Pie-in-the-sky policies

Here at this blog we talk a lot about corrective regulation but rarely
stop to examine current government policy. In reality, most government
tax policy focuses either on revenue gathering or on discouraging
consumption of demerit goods. Infrequently, a corrective tax is
proposed – such as the ‘fart’ tax – and then discarded when it proves
unpalatable to the interest group generating the externality.

The fact is that corrective taxes are usually targeted at a
particular group and, the more precisely targeted they are, the more
efficient they are. These ‘discriminatory’ taxes are the ones least
likely to be implemented by a government wanting to appear fair and
even-handed: taxing specific groups is a sure way to generate
resentment at your policies.

So, if the taxes we want are equally as unlikely to eventuate as to be
magically fixed by ‘the market’, are we really any less removed from
reality than the blinkered free-marketeers that we scoff at?

5 replies
  1. Matt Nolan
    Matt Nolan says:

    I agree that we focus on the normative, and forget about the positivist descriptions of our policies. But I think we improve on the free-market view by using their methodology to describe cases where government intervention is worthwhile.

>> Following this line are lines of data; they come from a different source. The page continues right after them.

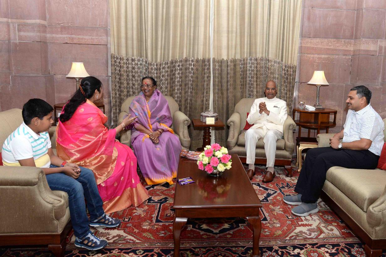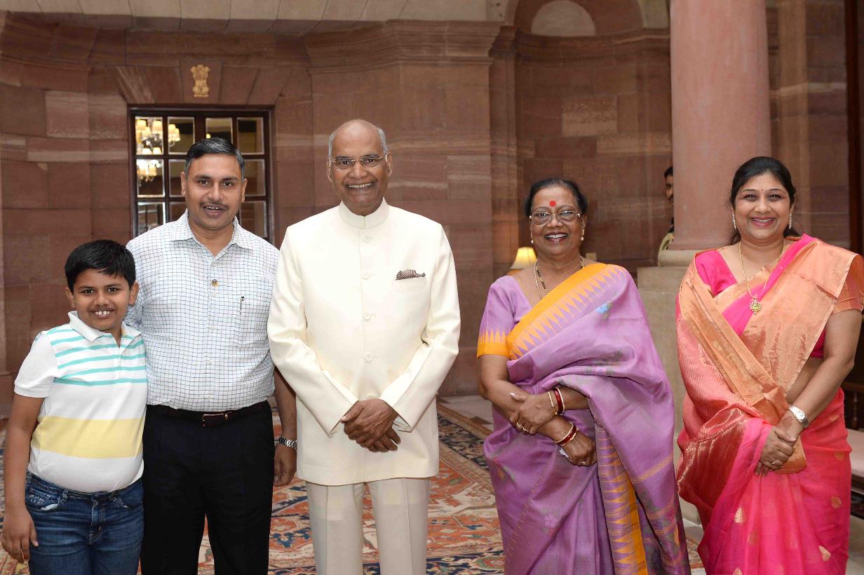 | Caption: | Shri Ashish Kumar Singh alongwith his wife Smt. Vibha Singh & Master Abhishek Singh meeting with the President of India, Shri Ram Nath Kovind, at Rashtrapati Bhavan on March 28, 2018. |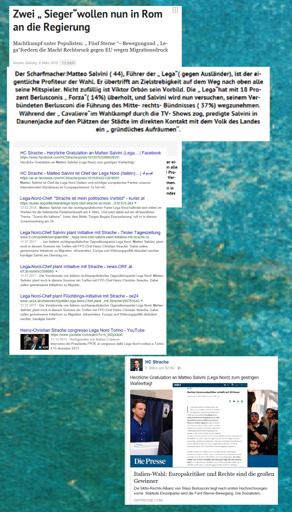 Für Matteo Salvini von der Lega ist He.-Chr. Strache, die gesamte FPÖ Vorbild. Und es wird die Lega mit Stolz und Ehre erfüllen, nicht von weitem Strache und FPÖ bewundern zu dürfen, sondern verbunden zur Zusammenarbeit …
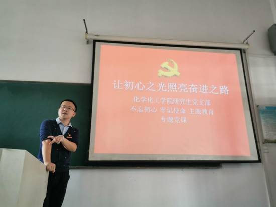 随后,支部书记赵健给全体党员上了题为《让初心之光照亮奋进之路》的专题党课。赵老师强调,“不忘初心、牢记使命”是在我们党领导中国人民进行新的伟大长征的关键历史节点,在中国由大向强发展的关键历史阶段,习近平总书记对全党最严肃也最真切,最深刻也最平实,最重要也最明确的政治提醒和政治要求,它源于对我们党的性质宗旨、历史经验和优良传统的宏大思考,是对我们党进入新时代、踏上新征程、迎接新挑战的战略动员。党课从让初心之光照亮奋进之路,就是要在弘扬“红船精神”、把握先进之源中谱写时代凯歌;让初心之光照亮奋进之路,就是要在高举伟大旗帜、推进理论武装中谱写时代凯歌;让初心之光照亮奋进之路,就是要在增强党性修养、践行根本宗旨中谱写时代凯歌;让初心之光照亮奋进之路,就是要在攻坚克难求作为、闯关夺隘敢斗争中谱写时代凯歌。四个方面做了详细讲述!全体党员同学受益匪浅。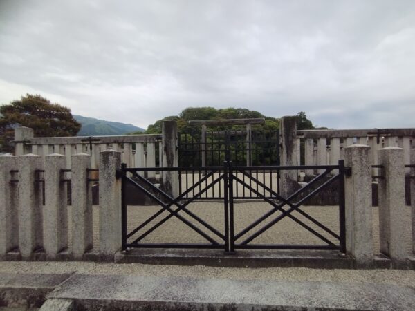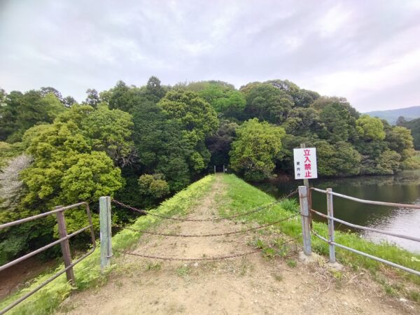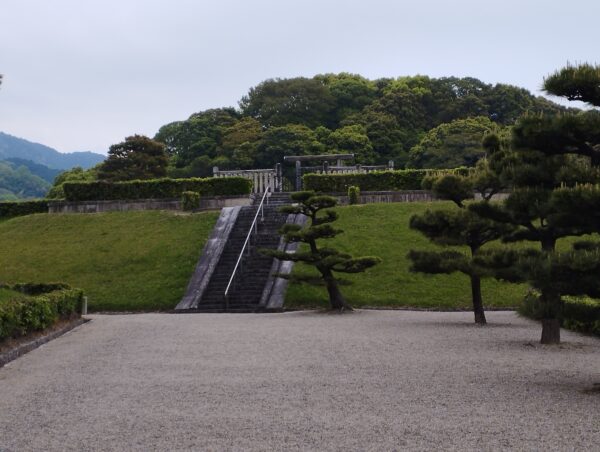 階段の上は閉鎖されていて、この先に立ち入ることはできません。正面に見えているのは古墳の前方部です。

    The normative approach we take is mearly the first step in analysing policy, I doubt that we could do anything of a higher level in a blog. By using the logic of partial equilibrium analysis we can describe hypothetical situations where govternment is useful. From there it would be appropriate to look at subjective critisims of the policy and do a cost-benefit analysis of its introduction. I don’t think there is anything wrong with starting on a clean slate, as long as you realise that the actual economies you’re dealing with already have policies in place.

  2. Matt Nolan
    Matt Nolan says:

    Also, even in situation where there is no policy (fart tax), just because interest groups have power in policy does not mean that discussing what would be optimal is wrong. After all we are discussing optimal government policy, not actual government policy.

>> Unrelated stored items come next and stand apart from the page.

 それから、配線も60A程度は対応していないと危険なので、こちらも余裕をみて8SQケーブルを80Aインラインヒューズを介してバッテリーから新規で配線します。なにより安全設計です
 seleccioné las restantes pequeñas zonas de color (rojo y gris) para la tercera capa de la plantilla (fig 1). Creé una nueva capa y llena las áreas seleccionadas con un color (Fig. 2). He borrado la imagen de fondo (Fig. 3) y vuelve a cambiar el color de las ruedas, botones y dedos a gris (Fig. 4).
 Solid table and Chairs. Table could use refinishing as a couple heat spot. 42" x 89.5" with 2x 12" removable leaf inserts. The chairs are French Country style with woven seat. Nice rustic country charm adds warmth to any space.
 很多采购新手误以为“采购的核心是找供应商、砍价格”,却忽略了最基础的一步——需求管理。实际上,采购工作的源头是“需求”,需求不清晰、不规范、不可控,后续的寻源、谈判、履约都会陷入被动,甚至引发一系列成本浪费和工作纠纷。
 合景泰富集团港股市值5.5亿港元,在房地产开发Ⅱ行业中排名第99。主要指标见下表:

    This exercise is useful as it teaches us how to view public policy, and how to combat interest groups that aren’t interested in social welfare. Without this sort of normative analysis, policy would be solely dictated by interest groups.

  3. Matt Nolan
    Matt Nolan says:

    My comments aren’t working properly dang it, I wrote a long winded one and it didn’t turn up.

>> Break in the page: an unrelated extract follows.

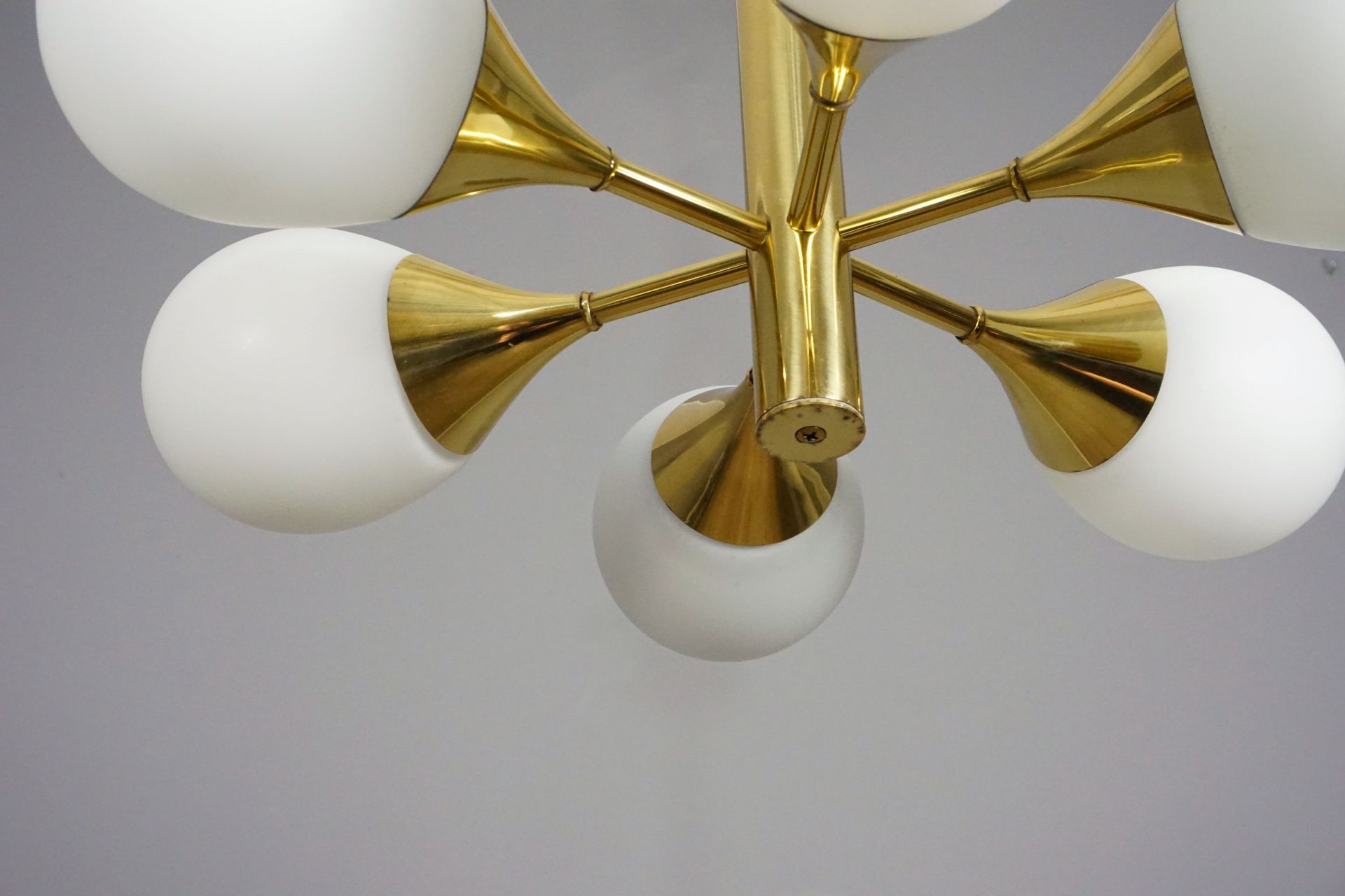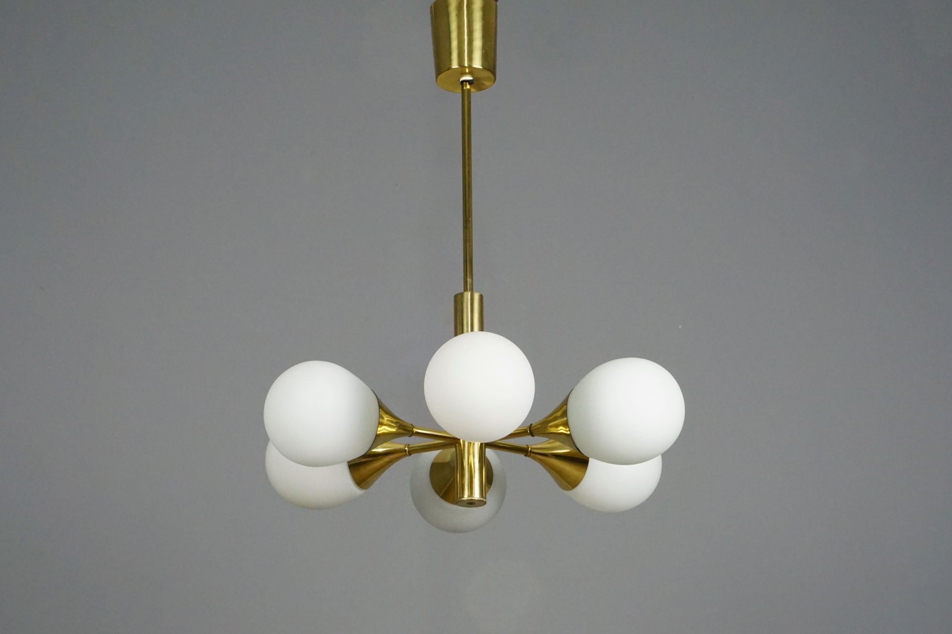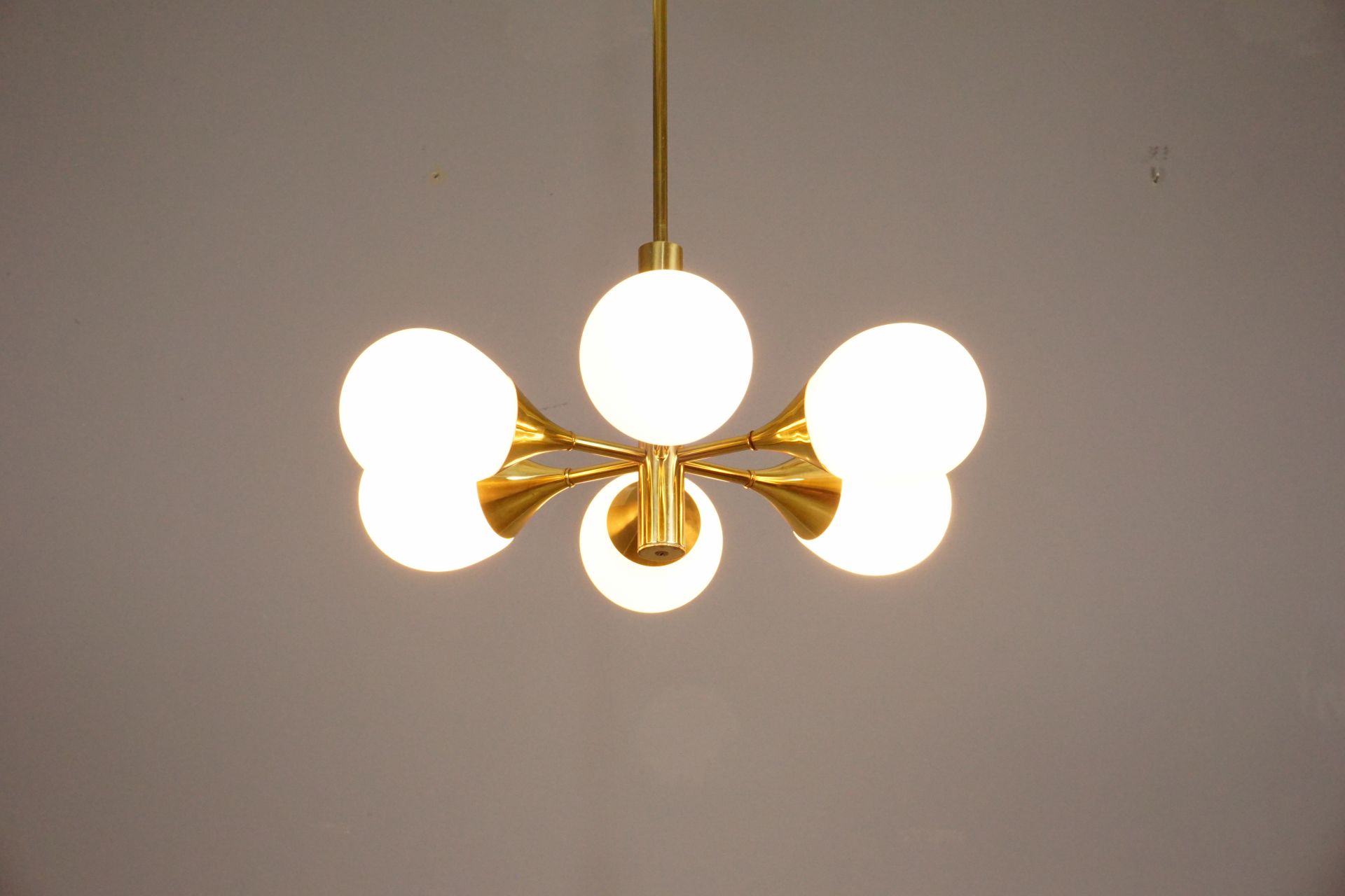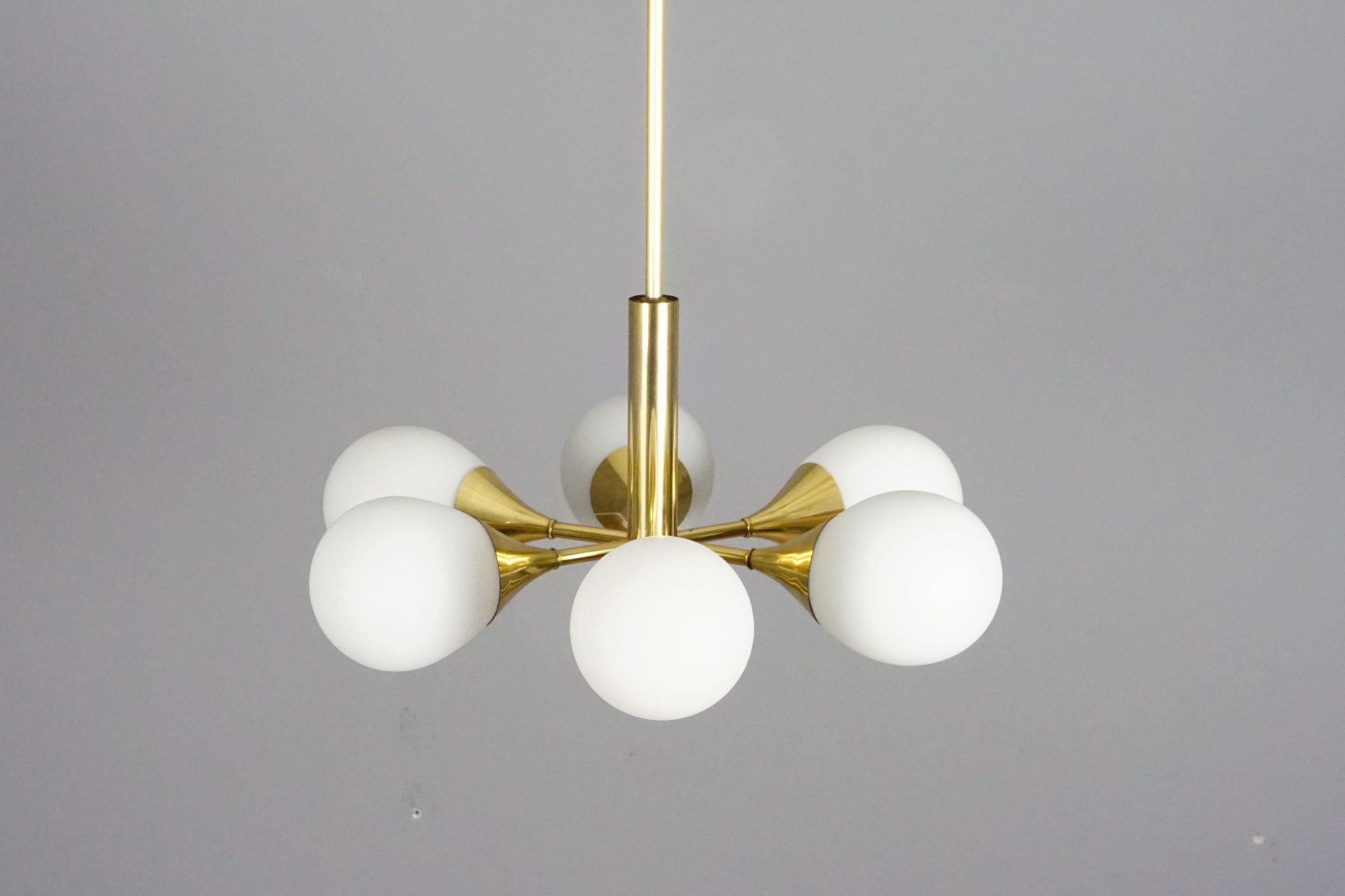 Design: ceiling lamp with 6 frosted white drop-shaped glass spheres

    I was critisising my first comment on this post, where I said that we focus on the normative. I was thinking about it, normative stuff is the value judgements that we make, while positivist stuff is the underlying facts. I think we have a different idea on what the underlying premises are, as compared to free-marketeers. But I think our posts don’t make different value judgements than free-marketeers. As a result we focus on the positive part, but ignore normative considerations.

    Is that right? In the first comment I seem to be saying that we use the same facts, but use different value judgements to arrive at different conclusions. Now that I think about it that isn’t what we do. Do you have any ideas?

  4. rauparaha
    rauparaha says:

    I don’t think that free-marketeers see the situation differently from us. I don’t think they necessarily have different values. They just see an alternative to intervention for solving the problems of market failure. To them, market failure can be solved by other markets and government intervention is only likely to worsen the situation. I can see their point: if the history of government intervention shows it to be largely distortionary and not corrective then why favour it? In a way, promoting further intervention fails to acknowledge the reality of the situation.

    I hope that’s what my original post gets at: both interventionists and free-market types (to generalise horribly) have unrealistically idealistic notions, they’re just unrealistic about different things. I think the right way forward lies somewhere in-between. One needs to recognise that the second-best solution is theoretically attractive but often as politically unachievable as the first-best.

  5. Matt Nolan
    Matt Nolan says:

    I think your criticism attacks Dani Rodrik more than it attacks the way we have been writing here. I think he goes a bit far as well, and I agree that as long as we focus on logic and ignore history and subjectivity we will never come up with the right solution.

    I think we both see economics in the same way. Its a discipline where you have to learn some logical tools, but then when it comes to applying your knowledge to reality you have to take into account a wider range of factors, maybe even be a bit multi-disciplinary.

    Like I said before, I don’t think we are criticising free-marketeers on this blog, not in the way Dani Rodrik does. We are just trying to highlight ways in which government intervention could be useful, while supporting the notion that a market efficiently prices in a lot of things.

    Also free-marketeers must see something different to us if we have different conclusions. Like you said the difference is that we are feel government failure can be partially overcome, which is a normative, value-laden assumption. So the first comment was the right one, I get so confused.